Threat actors, such as nation-state hackers and hacktivists, represent a serious threat to the next Presidential elections.
A cyber attack can cause the leakage of sensitive information that could influence the elections or in the worst scenarios hackers can compromise voting systems.
The ranking member of the Senate Homeland Security Committee sent a letter to the Department of Homeland Security, expressing concerns about the situation and saying that “Election security is critical, and a cyberattack by foreign actors on our elections systems could compromise the integrity of our voting process.”
Let’s focus on a cyber attack against voting machines, is it feasible?

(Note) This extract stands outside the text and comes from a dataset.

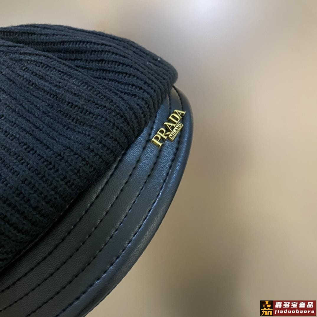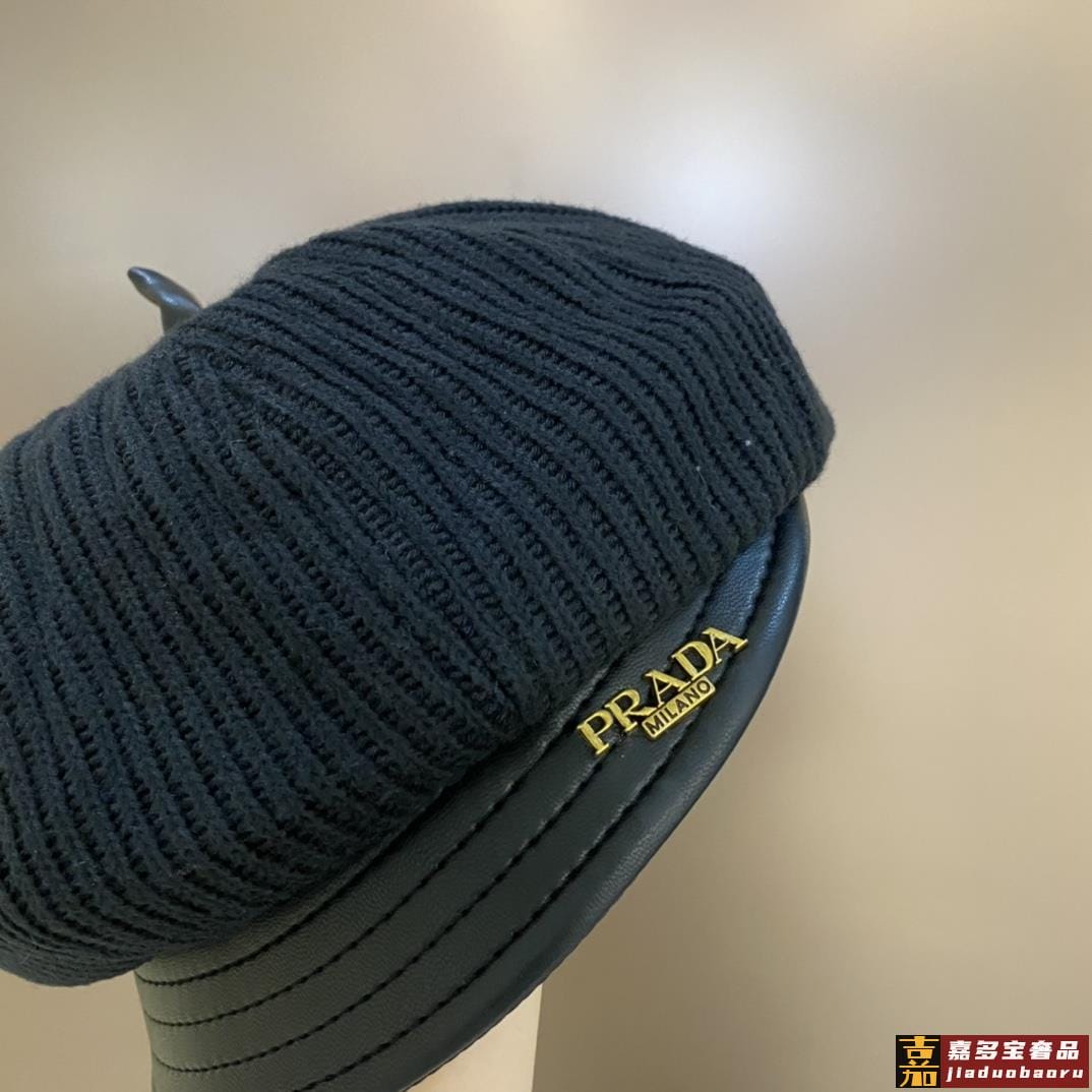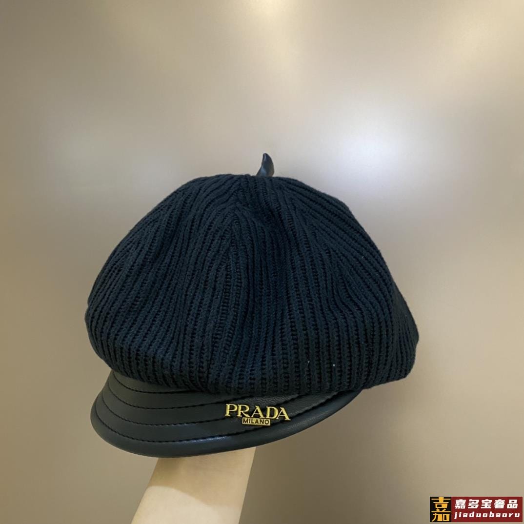 普拉达鸭舌帽军帽秋季针织鸭舌帽黑卡其两个色头围

Which is the potential impact?
According to the CBS News that analyzed the problem with the support of experts, roughly 70 percent of states in the US currently use some form of electronic voting. Hackers told CBS News that problems with electronic voting machines have been around for years. The machines and the software are old and antiquated.

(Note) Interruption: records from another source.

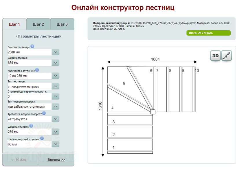 Сервис удобен тем, что без проблем можно проработать несколько вариантов лестницы и нет необходимости прорисовывать.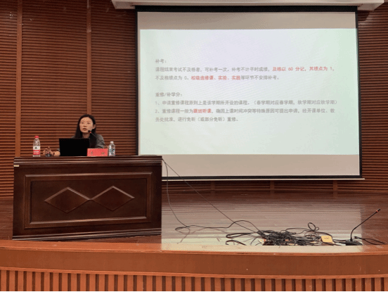 袁媛作学籍管理教育讲座。她主要围绕真人赌博游戏_澳门赌博网-app*官网学籍管理规定、毕业与学位授予条件、教务系统操作方法和人才培养方案等四个方面进行讲解,重点就课程学分、绩点和平均分的含义与关系、缺课与缓考、学业预警和考试违规处理等制度规定进行强调。她希望大家能够合理规划时间,保持学习热情,顺利成长成才。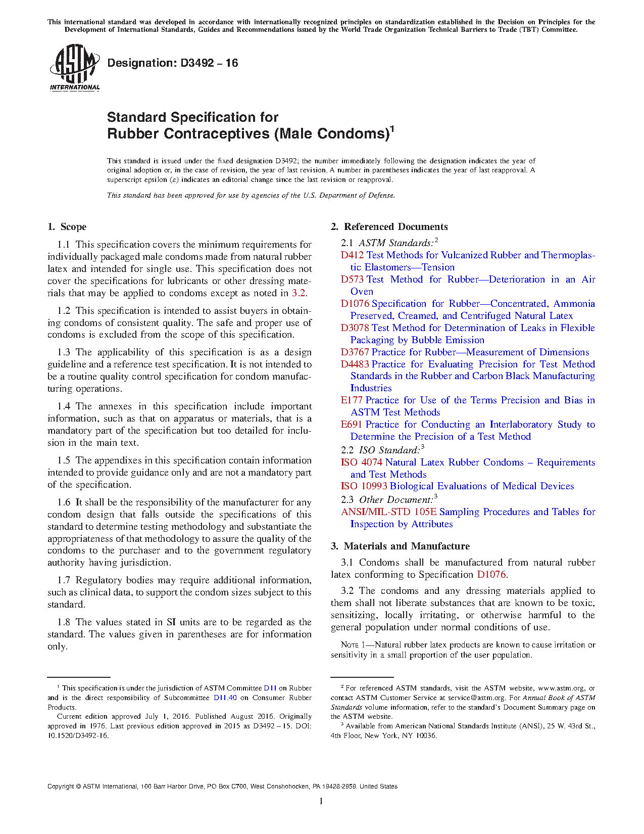 1.3 The applicability of this specification is as a design guideline and a reference test specification. It is not intended to be a routine quality control specification for condom manufacturing operations.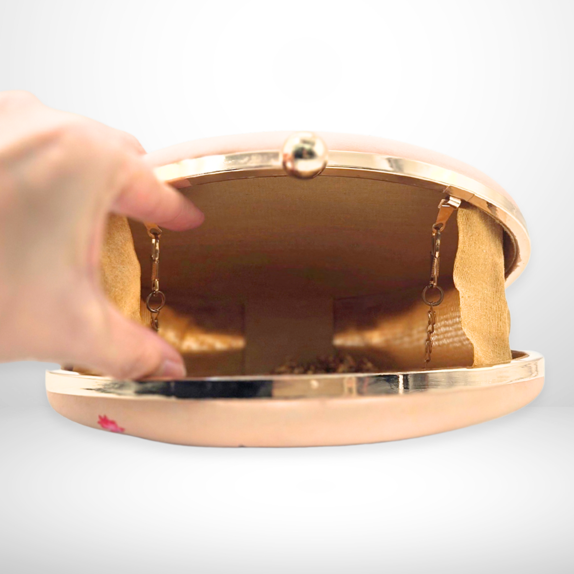 Chic beige oval box clutch featuring a vibrant Indian elephant design, gold hardware, and premium fabric finish—perfect for weddings, parties & cultural events. The roomy interior accommodates a smartphone, keys, and other essentials, and a detachable gold chain strap for versatile carrying options. The button push-back clasp closure ensures secure closure.

According to a report published by the Brennan Center for Justice, voting systems are vulnerable to cyber attacker due to their age.

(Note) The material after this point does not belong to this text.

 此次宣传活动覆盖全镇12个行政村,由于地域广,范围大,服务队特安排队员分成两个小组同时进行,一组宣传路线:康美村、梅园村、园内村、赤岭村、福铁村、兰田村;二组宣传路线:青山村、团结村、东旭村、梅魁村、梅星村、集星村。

More than 40 states are using old voting machines there are at least 10 years.
The CBS, citing hackers, confirmed that the voting machines are antiquated so it is reasonable to believe that hacker will have any difficulties in hacking them.
“Hackers told CBS News that problems with electronic voting machines have been around for years. The machines and the software are old and antiquated. But now with millions heading to the polls in three months, security experts are sounding the alarm” reported the CBS News journalist Mireya Villarreal.
Donald Trump has expressed in different public occasion his concerns for the risk that the election could be rigged, and voting machines could be a privileged instrument to breach the voting systems of the Presidential Election.
“I’m afraid the election is going to be rigged, I have got to be honest,” Trump said to his voters recently.
How to hack voting machines?
Experts at Symantec Security Response explained that it could be quite easy to manipulate a voting machine by using an affordable device easy to find online.
Ill-intentioned voters could hack the voting machines directly from the booth using a $15device.
“I can insert it, and then it resets the card, and now I’m able to vote again,” said Brian Varner, cyber security researcher at Symantec, while showing the device to the CBS New correspondent.
“For $15 and in-depth knowledge of the card, you could hack the vote,”
The Symantec Security Response director Kevin Haley has exactly the same opinion on the possibility of hacking voting machines, the expert explained that hackers can compromise the machines after the votes are collected.
“The results go from that machine into a piece of electronics that takes it to the central counting place,” Haley told CBS News. “That data is not encrypted and that’s vulnerable for manipulation.”
“How big of a hacking potential problem is this?” Villarreal asked him.
“Well, there’s a huge potential,” Haley responded. “There are so many places in the voting process once it goes electronic that’s vulnerable.”
The good news is that even is the voting machine very old and outdated, they need to meet specific government standards.
“Our voting systems are heavily regulated. They’re tested both before and after. There are paper trails everywhere…by in large, I would say the American election system works very well,” said Denise Merrill, president of the National Association of Secretaries of State.
It it true?
CBS News reported that according to its sources, 60 percent of states routinely conduct audits post-election by checking paper trails. Clearly, in those states where there are nopaper records the impact of a cyber attack on voting machines could be devastating.